Google Doodle celebrates María de los Ángeles Alvariño González
Today’s Google Doodle celebrates the 105th birthday of Spanish-American professor oceanographer,plankton and marine research biologist Dr. María de los Ángeles Alvariño González, who is widely regarded as one of the most important Spanish scientists of all time.
She also known as Ángeles Alvariño, was a Spanish fishery research biologist and oceanographer globally recognized as an authority in plankton biology. She was the first woman ever appointed as scientist aboard any British or Spanish exploration ships. She discovered of 22 new species of zooplankton and the publication of over 100 scientific papers, she held professorships in Brazil, the U.S., and Mexico, and published over a hundred scientific books, chapters and articles. In her late career she studied the history of early marine scientific exploration.
Ángeles Alvariño a fellowship that resulted in her becoming the first woman to work as a scientist aboard a British research vessel. Following several expeditions, she furthered her studies in the U.S., where she retired as one of the world’s most prestigious marine biologists in 1987.
Dr. Angeles Alvariño (1916–2005) became one of the few global authorities on certain types of marine plankton.

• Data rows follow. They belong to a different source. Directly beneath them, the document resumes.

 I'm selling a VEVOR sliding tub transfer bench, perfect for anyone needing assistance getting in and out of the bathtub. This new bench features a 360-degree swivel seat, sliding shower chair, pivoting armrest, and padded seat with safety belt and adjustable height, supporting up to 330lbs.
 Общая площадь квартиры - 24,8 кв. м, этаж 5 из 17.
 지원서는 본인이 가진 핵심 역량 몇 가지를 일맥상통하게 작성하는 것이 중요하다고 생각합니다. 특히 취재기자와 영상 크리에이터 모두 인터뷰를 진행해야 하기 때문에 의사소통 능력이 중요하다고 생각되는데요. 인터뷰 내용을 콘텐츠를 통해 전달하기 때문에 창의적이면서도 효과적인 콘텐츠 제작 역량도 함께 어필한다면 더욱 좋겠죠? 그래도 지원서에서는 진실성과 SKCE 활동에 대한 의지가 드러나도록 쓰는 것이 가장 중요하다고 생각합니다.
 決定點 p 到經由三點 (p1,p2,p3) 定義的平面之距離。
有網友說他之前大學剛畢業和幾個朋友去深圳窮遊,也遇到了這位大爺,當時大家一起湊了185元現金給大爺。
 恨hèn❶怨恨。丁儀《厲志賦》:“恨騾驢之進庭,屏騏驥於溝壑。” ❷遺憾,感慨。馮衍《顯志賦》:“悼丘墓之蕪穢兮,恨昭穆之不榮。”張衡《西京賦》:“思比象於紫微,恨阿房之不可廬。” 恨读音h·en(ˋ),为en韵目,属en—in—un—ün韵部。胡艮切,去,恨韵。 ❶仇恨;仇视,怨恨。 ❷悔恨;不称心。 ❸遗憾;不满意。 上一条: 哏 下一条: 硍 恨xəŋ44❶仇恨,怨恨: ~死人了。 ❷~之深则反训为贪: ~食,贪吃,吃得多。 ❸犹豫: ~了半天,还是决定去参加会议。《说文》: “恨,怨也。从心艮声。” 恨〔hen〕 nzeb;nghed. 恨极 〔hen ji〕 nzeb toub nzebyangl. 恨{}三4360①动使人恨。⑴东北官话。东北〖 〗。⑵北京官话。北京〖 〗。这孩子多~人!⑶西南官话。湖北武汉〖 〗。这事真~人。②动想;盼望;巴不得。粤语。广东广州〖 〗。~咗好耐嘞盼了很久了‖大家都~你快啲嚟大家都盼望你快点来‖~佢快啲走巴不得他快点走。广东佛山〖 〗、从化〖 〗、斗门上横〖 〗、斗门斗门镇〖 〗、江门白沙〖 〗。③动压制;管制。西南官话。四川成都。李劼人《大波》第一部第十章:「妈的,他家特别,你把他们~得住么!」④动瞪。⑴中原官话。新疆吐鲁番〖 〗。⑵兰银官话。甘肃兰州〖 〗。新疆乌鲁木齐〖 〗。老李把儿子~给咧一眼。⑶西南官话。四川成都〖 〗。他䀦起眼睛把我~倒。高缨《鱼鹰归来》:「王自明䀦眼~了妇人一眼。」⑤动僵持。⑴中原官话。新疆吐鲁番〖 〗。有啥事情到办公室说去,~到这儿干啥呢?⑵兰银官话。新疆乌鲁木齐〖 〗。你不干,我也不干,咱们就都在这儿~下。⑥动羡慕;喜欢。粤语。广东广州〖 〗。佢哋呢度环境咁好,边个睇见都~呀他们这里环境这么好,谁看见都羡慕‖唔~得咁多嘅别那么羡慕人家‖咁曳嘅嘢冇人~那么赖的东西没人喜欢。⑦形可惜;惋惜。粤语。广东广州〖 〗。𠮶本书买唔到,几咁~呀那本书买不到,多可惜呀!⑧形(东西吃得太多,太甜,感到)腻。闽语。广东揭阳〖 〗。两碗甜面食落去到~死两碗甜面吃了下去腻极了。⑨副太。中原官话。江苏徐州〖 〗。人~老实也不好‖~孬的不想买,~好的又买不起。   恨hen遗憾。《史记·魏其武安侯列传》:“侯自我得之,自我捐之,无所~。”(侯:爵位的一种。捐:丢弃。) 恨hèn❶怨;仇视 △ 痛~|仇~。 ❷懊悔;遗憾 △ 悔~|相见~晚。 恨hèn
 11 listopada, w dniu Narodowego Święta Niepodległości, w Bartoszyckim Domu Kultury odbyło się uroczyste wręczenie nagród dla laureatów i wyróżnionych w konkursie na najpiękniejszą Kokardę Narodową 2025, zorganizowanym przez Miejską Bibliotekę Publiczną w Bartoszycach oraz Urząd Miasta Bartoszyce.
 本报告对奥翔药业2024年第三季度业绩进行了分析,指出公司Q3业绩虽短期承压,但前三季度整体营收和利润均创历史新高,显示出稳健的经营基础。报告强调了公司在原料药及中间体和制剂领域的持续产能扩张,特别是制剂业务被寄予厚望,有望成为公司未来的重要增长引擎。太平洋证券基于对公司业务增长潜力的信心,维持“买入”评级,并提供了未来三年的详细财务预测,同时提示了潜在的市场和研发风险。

Encouraged by her parents, she read her father’s books on zoology and hoped to one day become a doctor herself. Her father discouraged this notion.
Today, Ángeles Alvariño is the only Spanish scientist of 1,000 in the “Encyclopedia of World Scientists,” and a modern research vessel in IEO’s fleet bears her name.
Toward the end of her life, Alvariño turned her attention to the history of marine science. She conducted extensive research into the early Spanish explorers and navigators who first mapped the oceans and their currents. Alvariño looked closely at the First Scientific Oceanic Expedition that traveled throughout the western Atlantic Ocean and the Pacific Ocean from 1789–94. In 2000 Alvariño published a full account of this expedition.
In 1953, the British Council awarded Ángeles Alvariño a fellowship that resulted in her becoming the first woman to work as a scientist aboard a British research vessel. Following several expeditions, she furthered her studies in the U.S., where she retired as one of the world’s most prestigious marine biologists in 1987.
Happy birthday, Dr. María de los Ángeles Alvariño González!